_Items from a data source_.
# # #
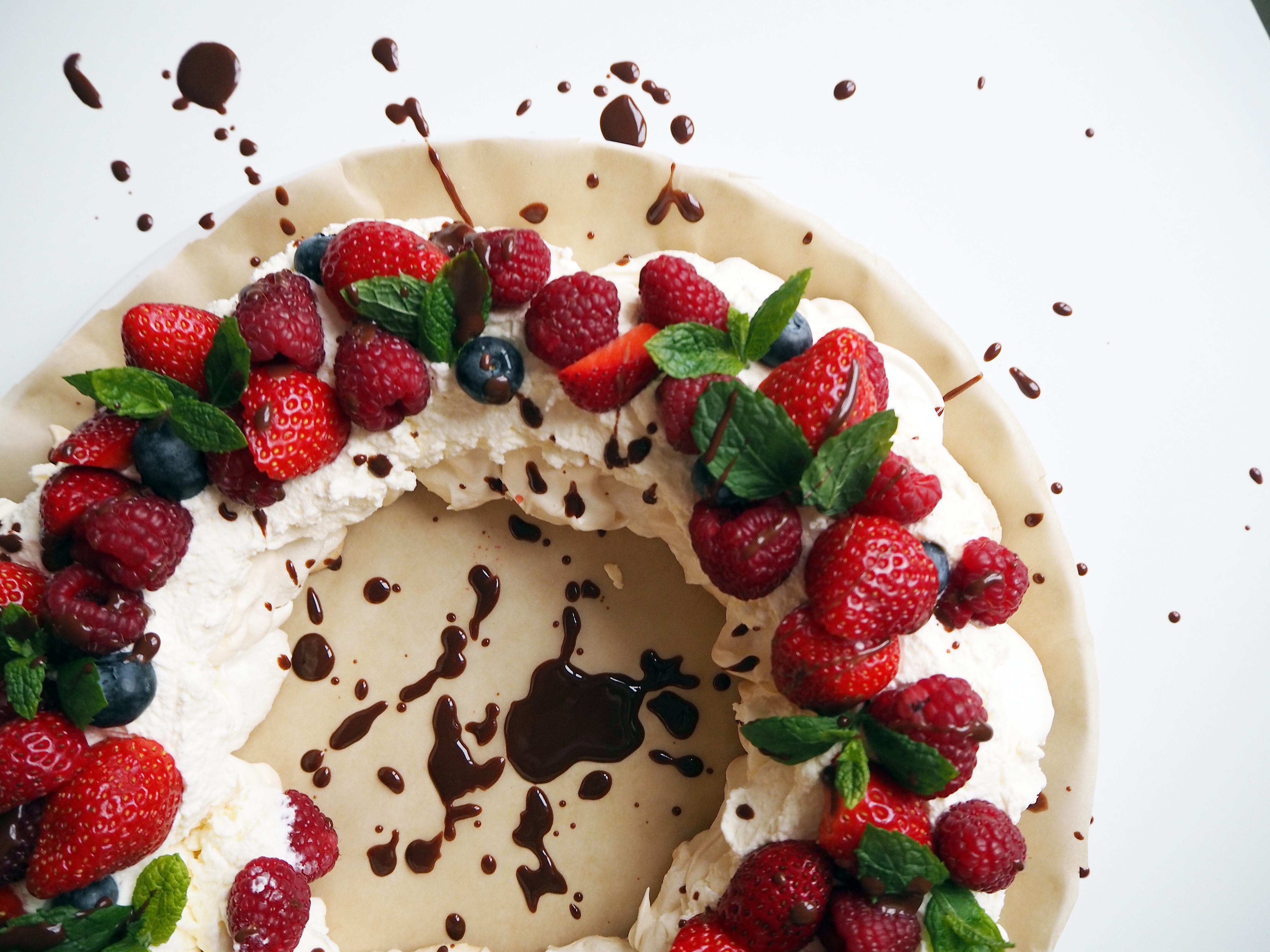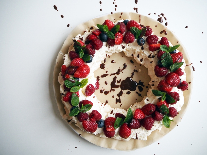 So what you simply need to do is to make the same pavlova and cream, and but just shape the pavlova as a wreath and make your assembly accordingly. I drizzled a little chocolate sauce on top, but you can keep it chocolate free and just use the fresh fruits. You can also add nuts to this if you like, roasted slivered almonds would go great!
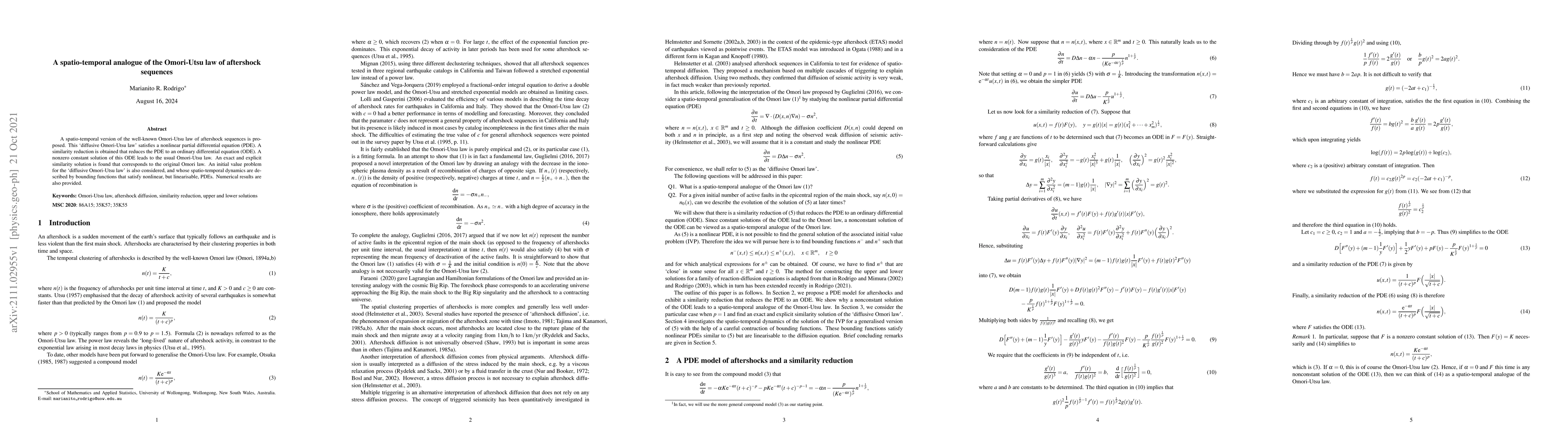A spatio-temporal version of the well-known Omori-Utsu law of aftershock sequences is proposed. This 'diffusive Omori-Utsu law' satisfies a nonlinear partial differential equation (PDE). A similarity reduction is obtained that reduces the PDE to an ordinary differential equation (ODE). A nonzero constant solution of this ODE leads to the usual Omori-Utsu law. An exact and explicit similarity solution is found that corresponds to the original Omori law. An initial value problem for the 'diffusive Omori-Utsu law' is also considered, and whose spatio-temporal dynamics are described by bounding functions that satisfy nonlinear, but linearisable, PDEs. Numerical results are also provided.
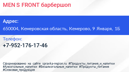 MEN`S FRONT, барбершоп по адресу 650004, Кемеровская область, Кемерово, 9 Января, 1Б в дальнейшем Организация, размещена в следующих категориях:
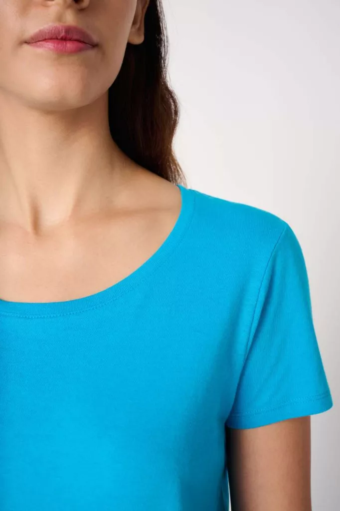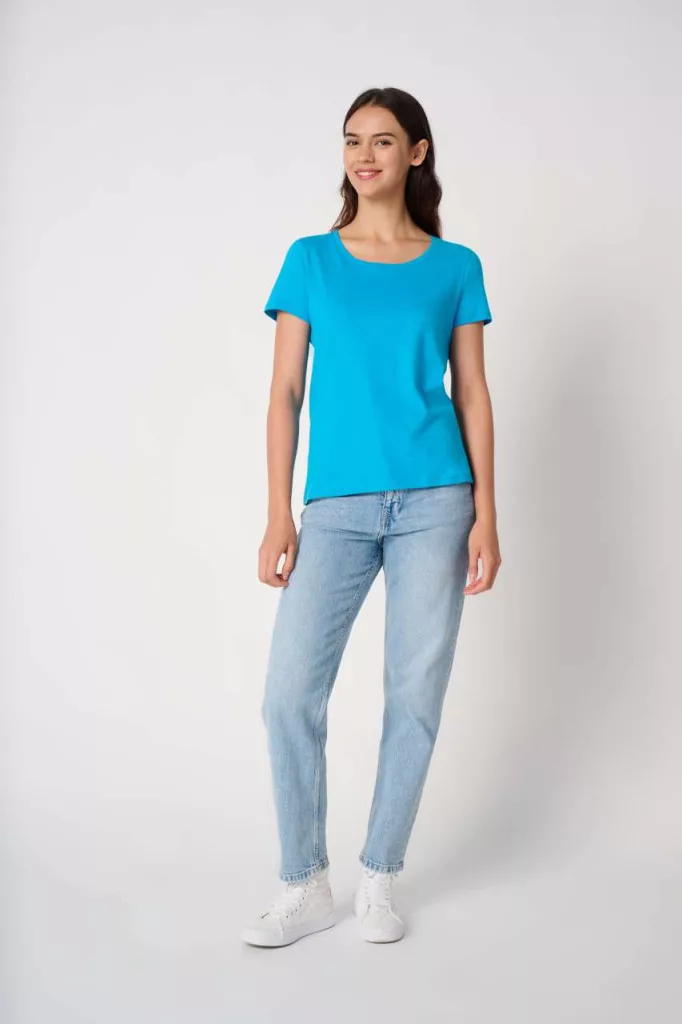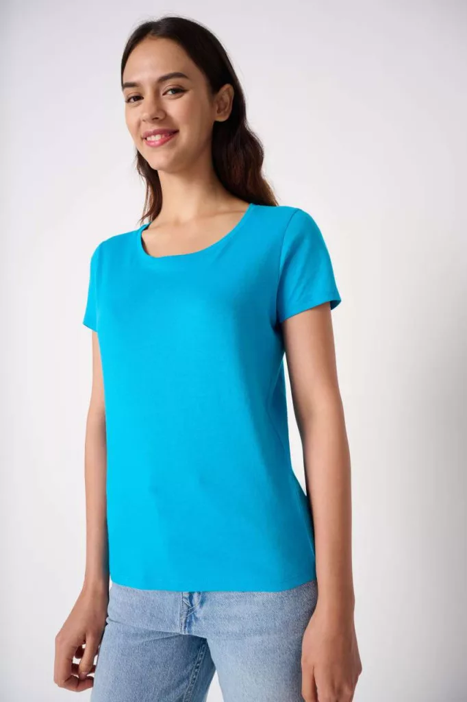 1×1 bordázott, kerek nyakkivágás dupla tűzéssel
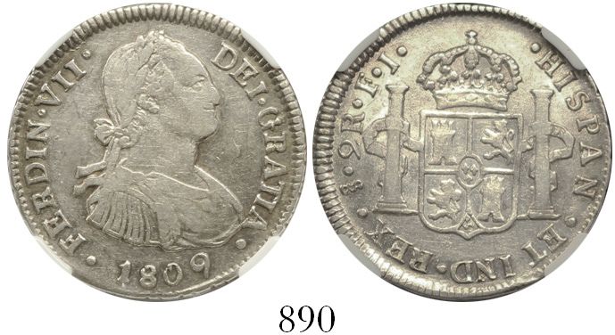 Santiago, Chile, bust 2 reales, Ferdinand VII transitional (bust of Charles IV), 1809FJ, encapsulated NGC XF 45. KM-66; CT-1015. Lustrous and high grade but with very light surface hairlines (probably net-graded), starting to tone.
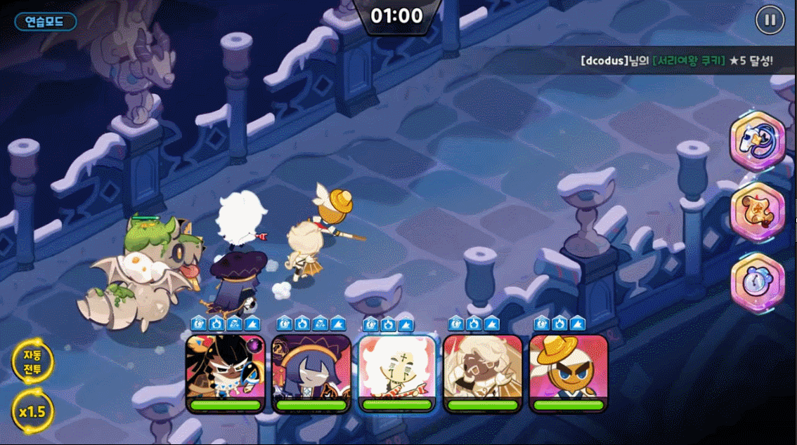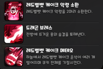 쫄 2마리를 소환하는 기술입니다. 체력 기반이 아닌 타수로 때리기 때문에 타수 공격이 높은 쿠키가 반필수로 들어갑니다. 많이 때리기만 하면 되서 비슷한 쿠키는 모두 채용할 수 있지만 현재는 마법사탕으로 버프먹은 블랙 레이즌이 그 자리를 차지했습니다.
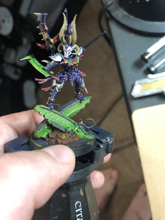 Finally, the Green Glow. Everyone is excited about this when I show them my Drazhar, so I figured it would be best for me to save it for last. To answer to most burning question: yes that is Tesseract Glow. But theres more too it. To start, I hit the blades with Leadbelcher and the inner runes on the pillar with Retributor Armor. This way the original color of the metals shine through just a hair. Then go to town with Tesseract Glow after giving the bottle a good shake. Don’t let it clump up anywhere of course, but it tends to be more yellow in the areas you want to be brighter and more green in the recesses. Outside of painting it straight on something like Grey Seer, it’s a bit subtle, but we are gonna fix that with some tricks. For the gold, I drybrushed on some Liberator Gold, hit it again with a thinner layer of Tesseract Glow and then just a bit of a Sigmarite drybrush. Gold shines through just a hair this way. Then on both the Klaives and the Pillar, I hit the recesses with Hexwraith Flame. It woks very similarly to Tesseract Glow, but the normally very bright green of Hexwraith Flame actually works perfectly with the outer green areas of Tesseract Glow to make the brighter yellows of that paint more intense.
# # #
_About this exercise_. Please output every entry above exactly, without the pictures.

_Written reply_.
 So what you simply need to do is to make the same pavlova and cream, and but just shape the pavlova as a wreath and make your assembly accordingly. I drizzled a little chocolate sauce on top, but you can keep it chocolate free and just use the fresh fruits. You can also add nuts to this if you like, roasted slivered almonds would go great!
A spatio-temporal version of the well-known Omori-Utsu law of aftershock sequences is proposed. This 'diffusive Omori-Utsu law' satisfies a nonlinear partial differential equation (PDE). A similarity reduction is obtained that reduces the PDE to an ordinary differential equation (ODE). A nonzero constant solution of this ODE leads to the usual Omori-Utsu law. An exact and explicit similarity solution is found that corresponds to the original Omori law. An initial value problem for the 'diffusive Omori-Utsu law' is also considered, and whose spatio-temporal dynamics are described by bounding functions that satisfy nonlinear, but linearisable, PDEs. Numerical results are also provided.
 MEN`S FRONT, барбершоп по адресу 650004, Кемеровская область, Кемерово, 9 Января, 1Б в дальнейшем Организация, размещена в следующих категориях:
 1×1 bordázott, kerek nyakkivágás dupla tűzéssel
 Santiago, Chile, bust 2 reales, Ferdinand VII transitional (bust of Charles IV), 1809FJ, encapsulated NGC XF 45. KM-66; CT-1015. Lustrous and high grade but with very light surface hairlines (probably net-graded), starting to tone.
 쫄 2마리를 소환하는 기술입니다. 체력 기반이 아닌 타수로 때리기 때문에 타수 공격이 높은 쿠키가 반필수로 들어갑니다. 많이 때리기만 하면 되서 비슷한 쿠키는 모두 채용할 수 있지만 현재는 마법사탕으로 버프먹은 블랙 레이즌이 그 자리를 차지했습니다.
 Finally, the Green Glow. Everyone is excited about this when I show them my Drazhar, so I figured it would be best for me to save it for last. To answer to most burning question: yes that is Tesseract Glow. But theres more too it. To start, I hit the blades with Leadbelcher and the inner runes on the pillar with Retributor Armor. This way the original color of the metals shine through just a hair. Then go to town with Tesseract Glow after giving the bottle a good shake. Don’t let it clump up anywhere of course, but it tends to be more yellow in the areas you want to be brighter and more green in the recesses. Outside of painting it straight on something like Grey Seer, it’s a bit subtle, but we are gonna fix that with some tricks. For the gold, I drybrushed on some Liberator Gold, hit it again with a thinner layer of Tesseract Glow and then just a bit of a Sigmarite drybrush. Gold shines through just a hair this way. Then on both the Klaives and the Pillar, I hit the recesses with Hexwraith Flame. It woks very similarly to Tesseract Glow, but the normally very bright green of Hexwraith Flame actually works perfectly with the outer green areas of Tesseract Glow to make the brighter yellows of that paint more intense.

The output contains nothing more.